Wie setzte ich nun den Timeout für die Verbindungen im Linux?


----------



## Navy (30. Juli 2008)

Die einzige Möglichkeit die ich sehe, ist den Prozess hart abzuschießen(kill -9), was an sich aber eher schlechter Stil ist.

Sockets werden vom libc/Kernel verwaltet und es gibt IIRC (noch) kein tool welches auf den Socket aufsetzt und ihn schließt (und im Grunde ist dieses Vorgehen auch vom Aspekt der Sicherheit mit Argwohn zu betrachten).


----------



## Raubkopierer (30. Juli 2008)

Warum nennst du nicht einfach die Anwendung um die es sich handelt? Da könnte man sich wenigstens mal den Sourcecode ansehen ect. und auch so passt das ganze dann doch besser in eins der Programmierforen oder?


----------



## Nitro86 (30. Juli 2008)

Es handelt sich um einen Firmeninterne Software, welche euch bestimmt nichts sagen wird.

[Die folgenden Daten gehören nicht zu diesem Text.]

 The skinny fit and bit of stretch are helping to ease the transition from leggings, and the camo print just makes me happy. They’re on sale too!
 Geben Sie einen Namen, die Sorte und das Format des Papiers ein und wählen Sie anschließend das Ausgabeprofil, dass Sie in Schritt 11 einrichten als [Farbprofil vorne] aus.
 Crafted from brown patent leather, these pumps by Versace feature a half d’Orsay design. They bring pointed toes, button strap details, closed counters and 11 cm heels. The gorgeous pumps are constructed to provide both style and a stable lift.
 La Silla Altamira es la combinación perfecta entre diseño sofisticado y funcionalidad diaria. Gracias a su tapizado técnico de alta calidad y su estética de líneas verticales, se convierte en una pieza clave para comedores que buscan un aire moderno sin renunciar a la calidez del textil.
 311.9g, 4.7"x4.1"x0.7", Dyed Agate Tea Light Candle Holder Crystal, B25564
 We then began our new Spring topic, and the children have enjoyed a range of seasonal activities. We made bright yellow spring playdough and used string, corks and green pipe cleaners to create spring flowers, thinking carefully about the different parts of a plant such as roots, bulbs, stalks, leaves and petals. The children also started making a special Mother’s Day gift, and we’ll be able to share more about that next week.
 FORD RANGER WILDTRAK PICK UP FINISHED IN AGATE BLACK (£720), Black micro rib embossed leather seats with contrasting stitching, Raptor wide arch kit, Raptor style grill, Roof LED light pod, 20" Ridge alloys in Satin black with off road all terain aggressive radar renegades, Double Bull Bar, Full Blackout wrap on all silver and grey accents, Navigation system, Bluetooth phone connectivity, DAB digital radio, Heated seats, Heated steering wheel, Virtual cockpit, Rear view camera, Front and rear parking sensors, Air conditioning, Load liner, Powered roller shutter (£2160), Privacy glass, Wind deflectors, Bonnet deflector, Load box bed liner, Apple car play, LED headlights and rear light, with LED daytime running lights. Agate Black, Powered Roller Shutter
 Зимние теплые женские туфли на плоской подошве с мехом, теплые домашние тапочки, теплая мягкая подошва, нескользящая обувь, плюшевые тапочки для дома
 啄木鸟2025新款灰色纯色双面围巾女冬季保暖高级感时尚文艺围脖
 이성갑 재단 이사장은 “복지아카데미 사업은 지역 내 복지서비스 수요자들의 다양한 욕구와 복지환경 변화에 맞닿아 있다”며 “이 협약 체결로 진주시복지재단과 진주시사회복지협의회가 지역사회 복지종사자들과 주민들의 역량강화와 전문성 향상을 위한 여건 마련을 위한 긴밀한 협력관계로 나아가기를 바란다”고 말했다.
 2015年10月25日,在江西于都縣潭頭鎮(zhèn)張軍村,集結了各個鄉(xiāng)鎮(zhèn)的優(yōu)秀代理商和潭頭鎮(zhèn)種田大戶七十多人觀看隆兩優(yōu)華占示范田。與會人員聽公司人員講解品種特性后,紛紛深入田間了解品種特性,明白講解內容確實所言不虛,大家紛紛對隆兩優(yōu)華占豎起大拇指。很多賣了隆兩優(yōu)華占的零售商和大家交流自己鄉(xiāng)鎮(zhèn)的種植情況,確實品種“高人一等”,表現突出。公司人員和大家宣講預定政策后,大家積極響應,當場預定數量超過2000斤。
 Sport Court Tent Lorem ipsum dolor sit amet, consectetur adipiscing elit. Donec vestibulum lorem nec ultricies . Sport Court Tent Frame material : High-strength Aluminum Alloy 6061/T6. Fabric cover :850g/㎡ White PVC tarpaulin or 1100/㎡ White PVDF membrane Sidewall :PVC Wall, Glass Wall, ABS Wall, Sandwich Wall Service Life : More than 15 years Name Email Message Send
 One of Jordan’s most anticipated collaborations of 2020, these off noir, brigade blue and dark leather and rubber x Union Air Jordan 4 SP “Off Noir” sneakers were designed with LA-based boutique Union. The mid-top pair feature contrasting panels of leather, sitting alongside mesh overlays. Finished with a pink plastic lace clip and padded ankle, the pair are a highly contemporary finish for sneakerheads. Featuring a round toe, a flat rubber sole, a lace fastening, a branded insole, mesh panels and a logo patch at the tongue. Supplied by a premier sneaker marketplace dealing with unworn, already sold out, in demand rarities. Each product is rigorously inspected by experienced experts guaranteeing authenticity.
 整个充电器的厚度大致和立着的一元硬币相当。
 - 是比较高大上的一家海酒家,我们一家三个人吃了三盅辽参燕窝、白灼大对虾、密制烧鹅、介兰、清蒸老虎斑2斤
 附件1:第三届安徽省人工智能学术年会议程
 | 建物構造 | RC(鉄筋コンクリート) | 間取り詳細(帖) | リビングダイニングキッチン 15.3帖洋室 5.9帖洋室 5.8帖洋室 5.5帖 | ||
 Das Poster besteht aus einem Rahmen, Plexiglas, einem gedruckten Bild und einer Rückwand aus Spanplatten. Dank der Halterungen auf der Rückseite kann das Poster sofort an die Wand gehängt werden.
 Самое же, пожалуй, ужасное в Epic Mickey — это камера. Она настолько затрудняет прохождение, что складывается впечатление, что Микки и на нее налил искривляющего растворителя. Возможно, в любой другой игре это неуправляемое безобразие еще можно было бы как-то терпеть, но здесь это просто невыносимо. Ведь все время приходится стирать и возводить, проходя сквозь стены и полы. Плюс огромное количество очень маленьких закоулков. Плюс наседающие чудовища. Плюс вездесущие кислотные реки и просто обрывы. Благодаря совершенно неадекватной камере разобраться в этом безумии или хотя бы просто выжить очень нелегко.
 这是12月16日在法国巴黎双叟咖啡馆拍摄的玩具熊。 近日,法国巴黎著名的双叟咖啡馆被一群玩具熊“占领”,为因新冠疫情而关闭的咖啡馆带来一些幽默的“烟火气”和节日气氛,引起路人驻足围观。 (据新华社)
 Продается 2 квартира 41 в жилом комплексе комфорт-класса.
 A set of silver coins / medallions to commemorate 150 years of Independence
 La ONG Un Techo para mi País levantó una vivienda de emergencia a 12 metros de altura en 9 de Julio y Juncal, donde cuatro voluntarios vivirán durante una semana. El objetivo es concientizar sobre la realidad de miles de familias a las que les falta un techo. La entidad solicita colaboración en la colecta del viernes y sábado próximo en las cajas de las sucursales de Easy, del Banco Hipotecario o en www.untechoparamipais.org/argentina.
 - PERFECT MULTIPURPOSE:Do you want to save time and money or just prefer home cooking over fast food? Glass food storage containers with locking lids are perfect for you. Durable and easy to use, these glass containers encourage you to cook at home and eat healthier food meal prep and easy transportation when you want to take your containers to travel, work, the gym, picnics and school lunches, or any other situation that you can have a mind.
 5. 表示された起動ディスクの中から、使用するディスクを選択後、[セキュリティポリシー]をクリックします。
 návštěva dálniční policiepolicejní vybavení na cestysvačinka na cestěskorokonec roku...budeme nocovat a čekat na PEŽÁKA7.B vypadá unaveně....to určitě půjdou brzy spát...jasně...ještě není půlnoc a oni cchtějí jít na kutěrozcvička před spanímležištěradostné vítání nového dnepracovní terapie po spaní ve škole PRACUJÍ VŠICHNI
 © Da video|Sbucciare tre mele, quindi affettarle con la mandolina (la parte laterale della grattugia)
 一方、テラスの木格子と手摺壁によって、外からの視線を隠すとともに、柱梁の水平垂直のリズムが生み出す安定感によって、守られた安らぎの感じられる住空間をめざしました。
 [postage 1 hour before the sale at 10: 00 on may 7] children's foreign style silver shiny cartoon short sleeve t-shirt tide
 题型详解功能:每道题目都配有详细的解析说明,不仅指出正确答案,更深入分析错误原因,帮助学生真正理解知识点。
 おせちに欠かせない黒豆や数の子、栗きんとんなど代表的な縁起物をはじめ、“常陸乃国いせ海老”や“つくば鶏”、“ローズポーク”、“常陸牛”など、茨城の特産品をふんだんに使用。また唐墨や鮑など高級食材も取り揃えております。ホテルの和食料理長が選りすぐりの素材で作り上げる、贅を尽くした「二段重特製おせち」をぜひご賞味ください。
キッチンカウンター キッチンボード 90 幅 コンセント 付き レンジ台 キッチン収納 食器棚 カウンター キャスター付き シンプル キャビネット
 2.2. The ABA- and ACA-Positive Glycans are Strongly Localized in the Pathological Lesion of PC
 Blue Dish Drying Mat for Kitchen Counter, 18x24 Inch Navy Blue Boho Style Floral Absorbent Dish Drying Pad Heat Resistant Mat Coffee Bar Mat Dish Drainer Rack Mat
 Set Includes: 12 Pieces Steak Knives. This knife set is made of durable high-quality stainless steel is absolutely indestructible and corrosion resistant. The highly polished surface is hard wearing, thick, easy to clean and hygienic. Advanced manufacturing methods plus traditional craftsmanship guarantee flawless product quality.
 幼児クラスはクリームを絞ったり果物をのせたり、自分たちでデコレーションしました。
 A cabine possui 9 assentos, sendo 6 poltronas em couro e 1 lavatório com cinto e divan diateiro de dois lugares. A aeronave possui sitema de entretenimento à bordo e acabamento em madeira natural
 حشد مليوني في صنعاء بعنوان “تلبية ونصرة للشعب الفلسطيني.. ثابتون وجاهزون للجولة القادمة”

Auf den Linux Servern laufen verschieden JBosse, an welchen ich aber nur sehr ungern administriere, da sie alle par tage komplett ersetzt werden (so erfogt das Versionsupdate). 

Ich habe jetzt folgendes vor:

Also werde ich tcp_fin_timeout niedriger setzen (Default AFAIK 60 Sekunden).

	sysctl net.ipv4.tcp_fin_timeout // zeigt den momentanen Wert
	sysctl -w net.ipv4.tcp_fin_timeout=<Z.B.: 30> // kann die Variable ändern

Was meint ihr dazu?


----------



## Raubkopierer (30. Juli 2008)

dann setz den Timeout eben testweise auf 30 bzw. 20 Sekunden. Im Lan sollte das ja kein Problem vonwegen Pings und Rechenzeit verursachen (Verbindungstimeout obwohl die Verbindung noch benötigt wird etc.)

Hier geht denke ich probieren über studieren.


----------